By this time, the criminal Santas are on the roof. Realizing the cops are surrounding them, they decide their only chance is to go down the chimney, one by one. Only there's a cop outside the window of the room they emerge from with a gun pointed at them. He motions for the first criminal to empty his sack, which seems to contain more toys for some reason (this makes more sense if they're thieves - maybe they're thieves?). He then steps out of the apartment, where the two older kids are waiting with sticks. They ambush him and knock him down the stairs. He rolls outside, right in front of the mule, who's being coached by the spirit of Santa to kick the criminal, sending him flying down the street.

This then repeats (in fast forward) with the remaining mobsters. Santa even starts appearing with a scoreboard. Eventually, they're all in a pile for the cops, and the kids - most of whom have no idea there are criminals around - have tons of toys.

This was better than I expected, based on the limited associations I had with the brand name. I've mostly seen Little Rascals parodied and mocked, but some of the jokes in this held up. Note I said some - this is a long way from perfect, even if you overlook stereotypes, fatphobia, and the overall fact that comedy tends to diminish over time. On top of everything else, the deteriorating film makes it a hard sell to audiences looking for anything other than historical perspective.
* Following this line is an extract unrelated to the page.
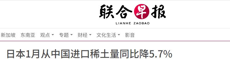 话音刚落,媒体就公布了一则高市不想看到的消息,日本今年1月从中国进口的稀土数量同比减少5.7%。
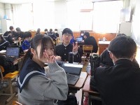 放課後の学年集会の時間を使い、1年生は「総合的な学習の時間」発表会の準備を行いました。2月1日の授業参観で、グループに分かれて学習したことを発表する予定です。今日は、そのときの段取りを確認していました。

That said, I want to highlight one aspect I found genuinely refreshing: the movie's depiction of Santa Claus and its approach to the concept of belief. The kids are encouraged to believe, but at the same time the narrative essentially specifies that Santa exists as an idea, rather than as a physical being. He's the Christmas spirit; the actual gifting is handled by those that idea inspires. It's nice seeing the phrase "believe" used in a context that's not simply endorsing blind faith.

I found this interesting to watch overall, though mainly as a historical curiosity. I wouldn't recommend it outside that context, though there are genuinely clever sight gags and fun moments here.